• What is being asked: An exact copy is required of the lines running from the one that contains "When I want" to the end of the material, both ends included, with pictures omitted.

START Given material

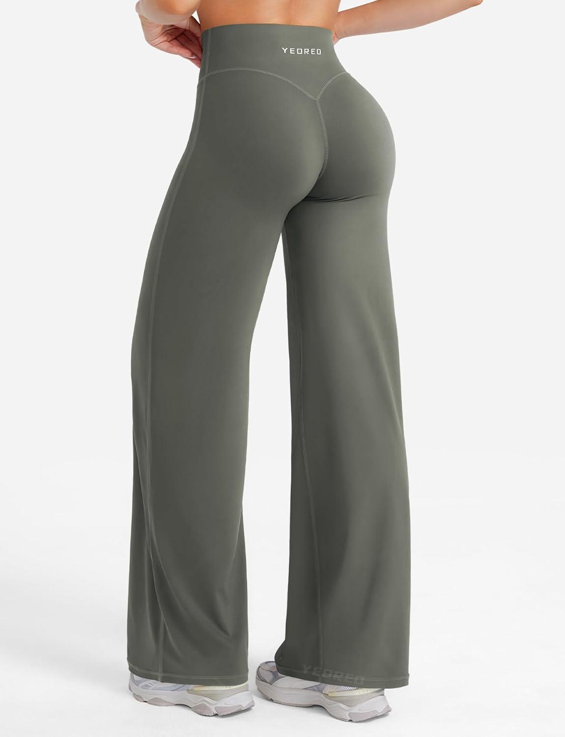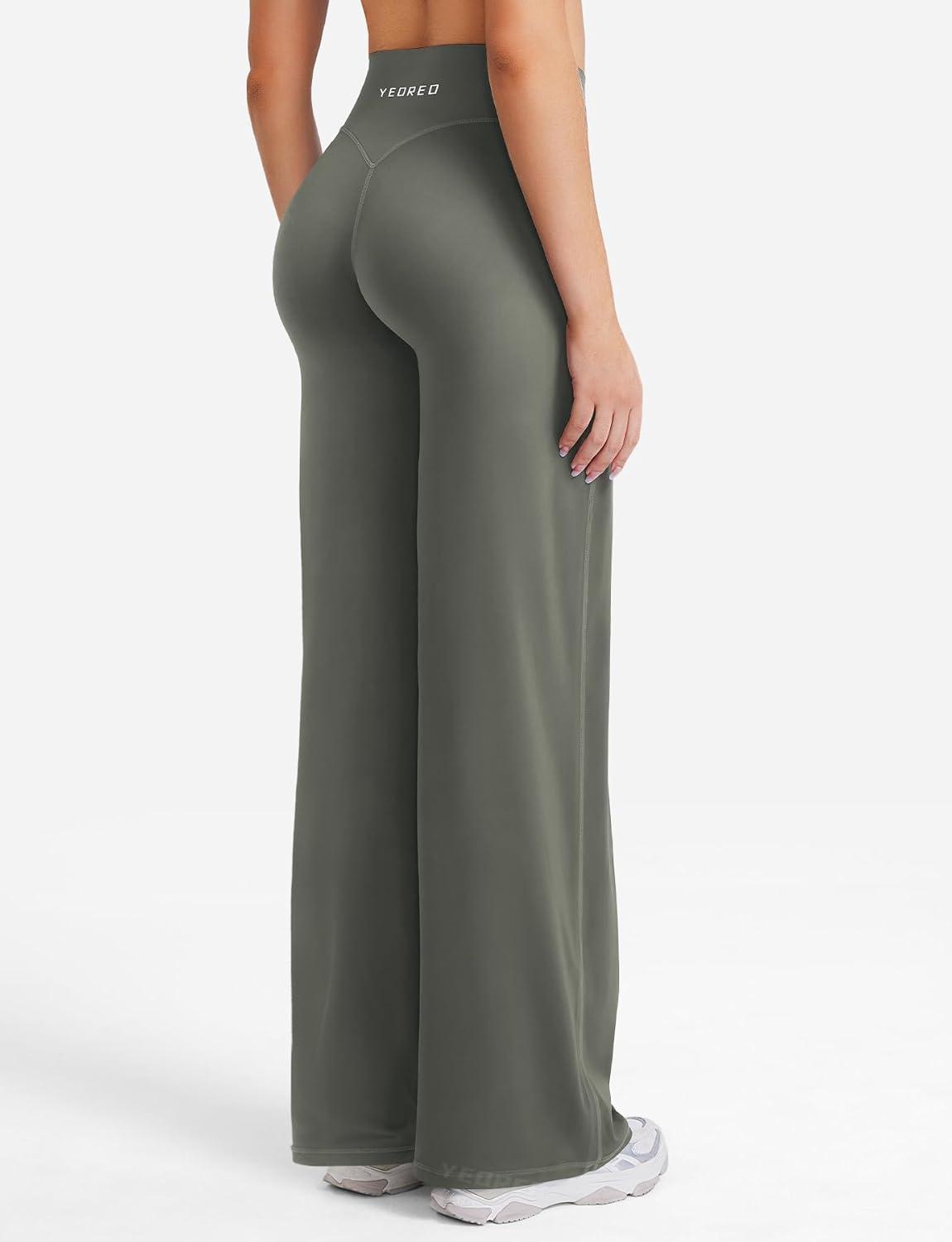YEOREO Straight Leg Leggings for Women No Front Seam Workout Leggings 31.5″ Crossover High Waist Soft Eddiy Yoga Pants(Gray Green)
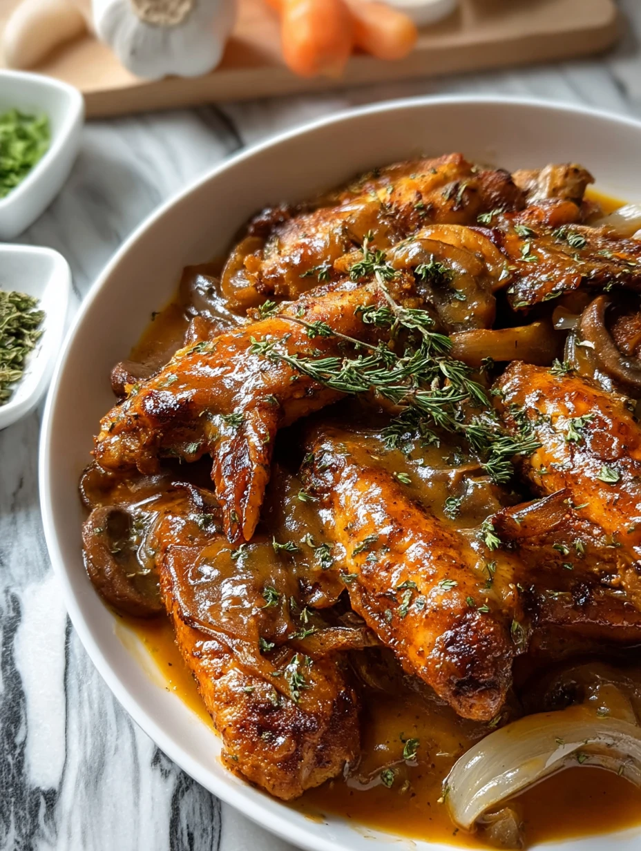 When I want the house to smell like Sunday at grandma’s, I put a pan of smothered turkey wings in the oven. The wings get fall-apart tender, the onions melt into the gravy, and that rich, savory aroma slowly creeps into every room. By the time the pan comes out, everyone’s already standing in the kitchen with a plate.
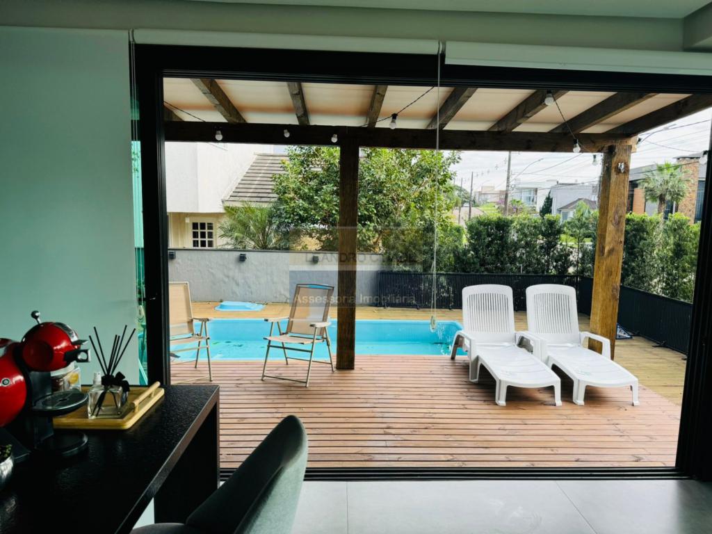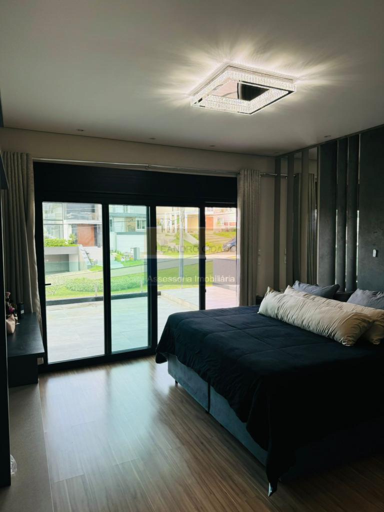 LEANDRO CIDADE, CONDOMINIO BUENA VISTA- Casa de esquina na principal Avenida do condomínio, 4 suítes, closet, sendo uma suíte na parte de baixo, Living 3 ambientes em conceito aberto, pé direito duplo com lindo luste em cristal. toda mobiliada com móveis sob-medida de alta qualidade, piso em porcelanato, teto com gesso, lareira toda revestida, espaço gourmet com churrasqueira e chapa à gás, lavabo, despensa, lavanderia e sauna. Pátio com deck em madeira, piscina (3,0 x 6,0), pergolado. lindo paisagismo, garagem coberta para 2 carros, mais 2 carros. Condomínio conta com infraestrutura de clube, 2 portarias ( social e serviço), segurança, 3 salões de festas, piscina adulto e infantil, espaço kids, academia, restaurante, salão de beleza, quadras de esportes, quadra de tênis, pracinha, pista de patins e skate, quadra de bocha, quiosques com churrasqueiras, tv e frezer. O Buenavista Condominio Parque é uma excelente opção de moradia para que procura associar lazer, segurança e convívio com a natureza, são mais de 130.000m² de área verde e conta com uma infra-estrutura de lazer completíssima, são mais de 25 itens de lazer para desfrutar. Condomínio com excelente localização, ao lado do colégio Marista, do campus da Ufrgs e muito próximo da Puc. Plantão no local.

END Given material

• Answer to the problem:
 When I want the house to smell like Sunday at grandma’s, I put a pan of smothered turkey wings in the oven. The wings get fall-apart tender, the onions melt into the gravy, and that rich, savory aroma slowly creeps into every room. By the time the pan comes out, everyone’s already standing in the kitchen with a plate.
 LEANDRO CIDADE, CONDOMINIO BUENA VISTA- Casa de esquina na principal Avenida do condomínio, 4 suítes, closet, sendo uma suíte na parte de baixo, Living 3 ambientes em conceito aberto, pé direito duplo com lindo luste em cristal. toda mobiliada com móveis sob-medida de alta qualidade, piso em porcelanato, teto com gesso, lareira toda revestida, espaço gourmet com churrasqueira e chapa à gás, lavabo, despensa, lavanderia e sauna. Pátio com deck em madeira, piscina (3,0 x 6,0), pergolado. lindo paisagismo, garagem coberta para 2 carros, mais 2 carros. Condomínio conta com infraestrutura de clube, 2 portarias ( social e serviço), segurança, 3 salões de festas, piscina adulto e infantil, espaço kids, academia, restaurante, salão de beleza, quadras de esportes, quadra de tênis, pracinha, pista de patins e skate, quadra de bocha, quiosques com churrasqueiras, tv e frezer. O Buenavista Condominio Parque é uma excelente opção de moradia para que procura associar lazer, segurança e convívio com a natureza, são mais de 130.000m² de área verde e conta com uma infra-estrutura de lazer completíssima, são mais de 25 itens de lazer para desfrutar. Condomínio com excelente localização, ao lado do colégio Marista, do campus da Ufrgs e muito próximo da Puc. Plantão no local.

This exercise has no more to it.